Dancing With Bears - Michael Swanwick [68]
At that moment, a door opened and closed somewhere in the mansion so that briefly the yelping of hounds could be heard. “You have dogs!” Zoësophia cried. “Might we see them?”
“Yes, of course you shall. Only not just now. I have arranged for the Moscow City Troop to escort us to the Kremlin, and they are forming up on the other side of the building at this very moment. Shall we take my carriage or yours?”
“I am always keen for new experiences,” Zoësophia said, “whether they be large or small.”
But every hair on Surplus’s body was standing on end. His hearing was acute, as was his sensitivity to the emotions of his dumb cousins. Those dogs were not barking out of ordinary canine exuberance, but from pain and terror and misery. Surplus’s ears pricked up and his nostrils flared. He could smell from their pheromones that they had been extremely badly treated indeed.
Chortenko’s spectacles were twin obsidian circles. “You look alarmed, my dear fellow. Has something startled you?”
“I? Not at all.” Surplus turned to his coachman and with a dismissive wave of his paw sent their equipage back to the embassy.“Only, sometimes I am struck by sudden dark memories. As a man of the world and a sometime adventurer, I have seen more than my share of human cruelty.”
“We must trade stories someday,” Chortenko said amiably.“Those who appreciate such matters say that if you have not seen Russian cruelty, then you do not know cruelty at all.”
Chortenko’s carriage was painted blue-and-white, like his mansion, so that it resembled nothing so much as a Delftware teapot. When it was brought around, Zoësophia and Surplus were given the back seats, while Chortenko and his dwarf savants sat facing them.
Bracketed by horsemen, they started for the Kremlin.
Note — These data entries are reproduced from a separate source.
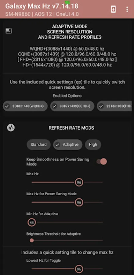 - Adaptive refresh rate mod on devices with non-stock adaptive refresh rate mode
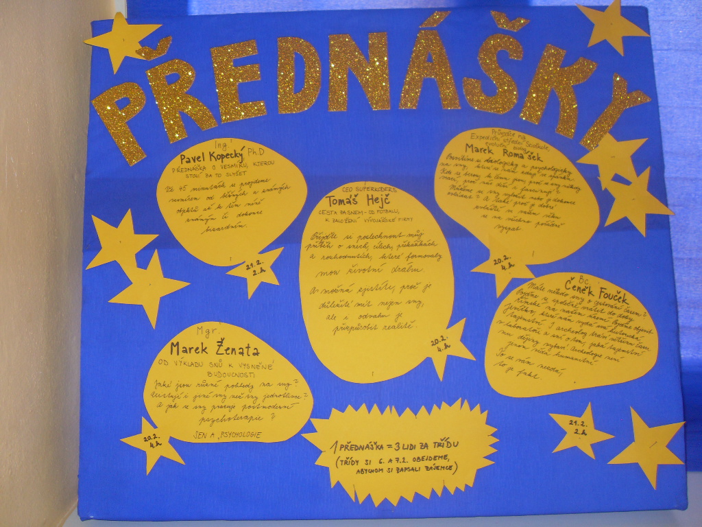 Na gymnáziu v Boskovicích proběhl minulý týden Studentský Salon. Tato celotýdenní akce má dlouholetou tradici - letos už 36. ročník - pořadatelská třída septimy si zvolila velmi zajímavé téma a to "SNY".
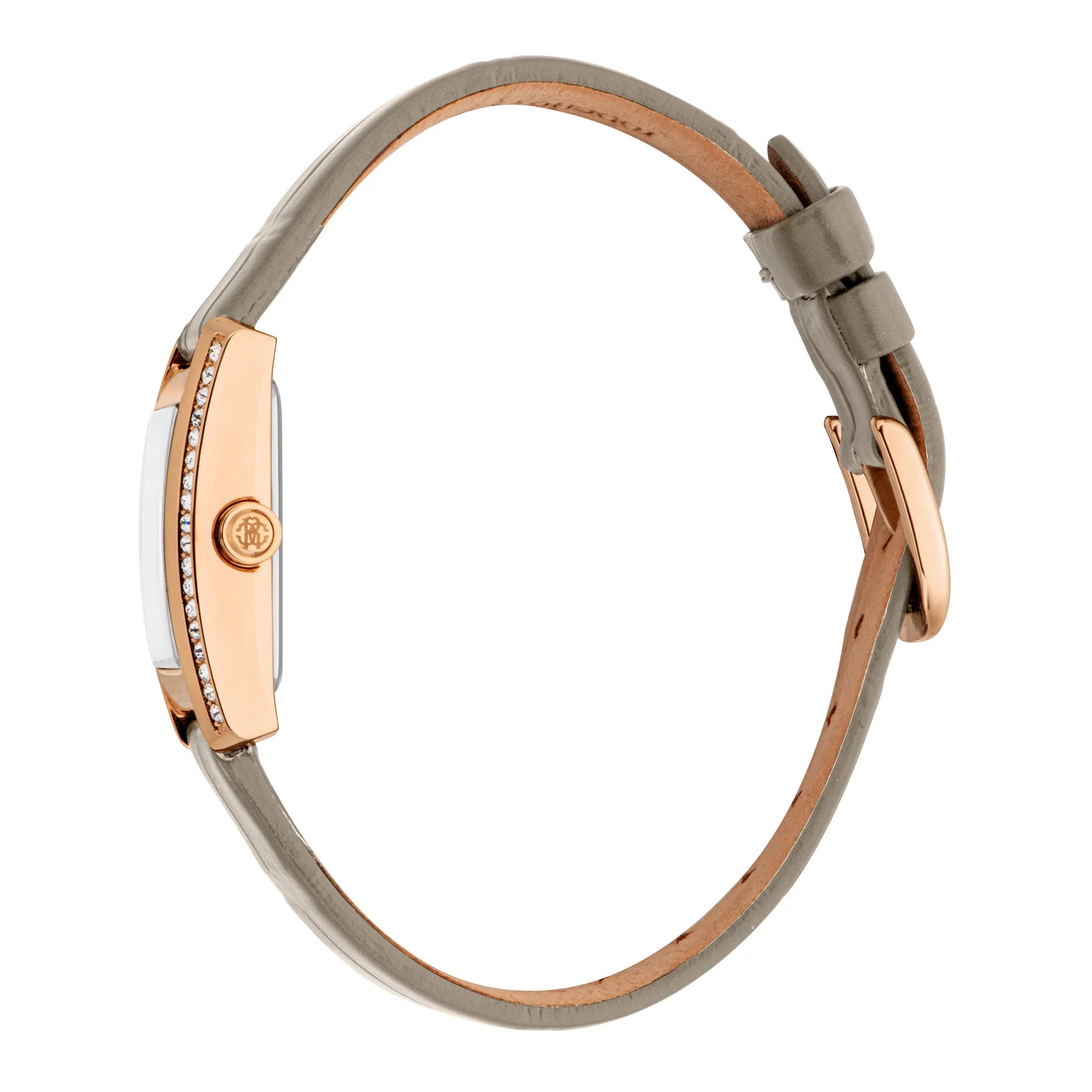 In der Welt der Mode, in der Eleganz auf Innovation trifft, entsteht eine Uhr, die das Wesen von Raffinesse und Stil einfängt. Gefertigt im Herzen der Schweizer Uhrmacherkunst, ist diese Roberto Cavalli Lady Uhr ein Zeugnis für verfeinertes Design und exquisite Handwerkskunst. Das rechteckige Gehäuse, getaucht in einen luxuriösen Roségoldton, strahlt eine zeitlose Anziehungskraft aus und ergänzt perfekt das zarte Handgelenk der modernen Frau. Das Mineralglas bietet einen klaren Blick auf das silbergraue Zifferblatt, auf dem drei Zeiger anmutig tanzen, angetrieben von der Präzision eines Quarzwerks mit GL34 Kaliber. Das hellgraue Lederarmband, gesichert mit einer Dornschließe, schmiegt sich bequem um das Handgelenk und verleiht jedem Outfit einen Hauch von zurückhaltender Eleganz. Wasserresistent ist diese Uhr ebenso praktisch wie schön und bereit, Sie auf den Abenteuern des Lebens zu begleiten. Die Pull & Push Krone sorgt für einfache Zeiteinstellungen und macht sie zu einem zuverlässigen Begleiter für die modebewusste Frau. Mit seiner harmonischen Mischung aus Farben und Materialien ist diese Roberto Cavalli Lady Uhr nicht nur ein Accessoire, sondern ein Statement von Stil und Anmut, das überall einen bleibenden Eindruck hinterlässt.

“Tell me, Max,” Chortenko said, turning to the dwarf on his left. “What do we know about the tsar’s lost library?”
“In 1472, the Grand Duke of Moscow Ivan the Third married Princess Sofia Paleologina, a niece of the last Byzantine emperor, Andreas, more rightly known as the Despot of Morea. Despotism is a form of government where all power is embodied in a single individual. The individual self does not exist. As her dowry, Sofia brought to Moscow a wagon train of books and scrolls. Moscow was founded by Prince Yuri Dolgurki in 1147. Soddy podzolic soil is typical of Moscow Oblast. It is apocryphal that the books were the last remnants of the Great Library of Alexandria.”
“Of course, anything labeled apocryphal may also be true,” Chortenko mused.
“The Italian architect Aristotle Fioravanti was commissioned to build a secret library under the Kremlin. Fioravanti also served as a military engineer in the campaigns against Novgorod, Kazan, and Tver. Kazan is the capital of Tartarstan. Tartar sauce is made from mayonnaise and finely chopped pickled cucumber, capers, onions, and parsley, and was invented by the French to go with steak tartare. The last documented attempt to find the library was made by Tsar Nikita Khrushchev.”
“Yes, well, we seem to have gotten off the subject.” To Surplus, Chortenko said, “Have you heard the rumors? They say that the library has been found.”
“Really? That would make a splendid present for the Duke of Muscovy, then. One worthy of a Caliph.”
“That is true. Yet one cannot help wondering what would happen were the secret of the library’s location in private hands. Surely that lucky person—whoever he might be—would find himself in a position to claim an enormous reward, eh?”
“Unless he was a government official. Then, of course, his reward would be the simple knowledge that he had done his duty.”
“Indeed. Yet a private citizen would not be in a position to know whether the reward he was being offered was worthy of his heroic discovery. Perhaps the best possible arrangement would be a partnership involving somebody highly positioned within the government and somebody who was not even a citizen of Muscovy. A foreigner, possibly even an ambassador. What do you think?”